[[ DATA SECTION open ]]
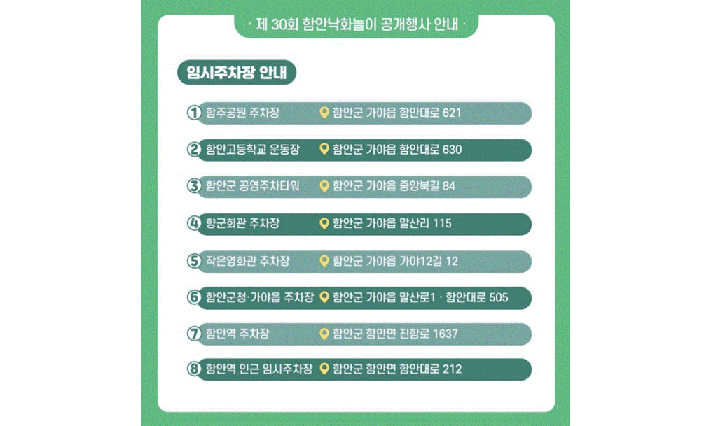 작년 행사를 찾아간 경험상, 함안군에서 8개의 임시주차장을 운영을 한 바 있습니다.
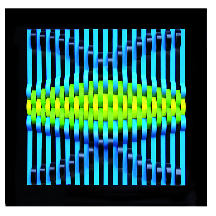 Dario Zaffaroni è un’artista raffinato, che ha scelto negli anni, un campo preciso di intervento: la percezione visiva dell’iterazione cromatica, attraverso l’accostamento e l’intersecazione di nastri e moduli cromatici a gradiente fluorescente che danno come risultato fenomeni percettivi sempre differenti. Le opere cromo-cinetiche di Zaffaroni, stimolano lo spettatore a muoversi intorno all’opera, al fine di godere della modalità della visione più completa, ed a riflettere sulla situazione percettiva proposta, sempre diversa, ma sempre emotiva.
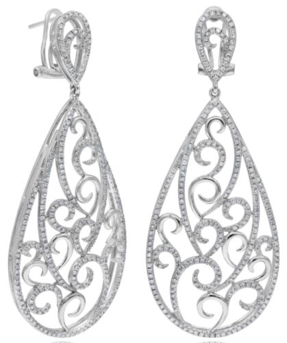 2.43CT DIAMOND 14KT WHITE GOLD 3D OPEN FILIGREE TEAR DROP FUN HANGING EARRINGS
[[ DATA SECTION closed ]]
● **ABOUT THIS TASK**
Copy out all the data exactly. No images belong in the copy.

● **RESPONSE TO THIS EXERCISE**
 작년 행사를 찾아간 경험상, 함안군에서 8개의 임시주차장을 운영을 한 바 있습니다.
 Dario Zaffaroni è un’artista raffinato, che ha scelto negli anni, un campo preciso di intervento: la percezione visiva dell’iterazione cromatica, attraverso l’accostamento e l’intersecazione di nastri e moduli cromatici a gradiente fluorescente che danno come risultato fenomeni percettivi sempre differenti. Le opere cromo-cinetiche di Zaffaroni, stimolano lo spettatore a muoversi intorno all’opera, al fine di godere della modalità della visione più completa, ed a riflettere sulla situazione percettiva proposta, sempre diversa, ma sempre emotiva.
 2.43CT DIAMOND 14KT WHITE GOLD 3D OPEN FILIGREE TEAR DROP FUN HANGING EARRINGS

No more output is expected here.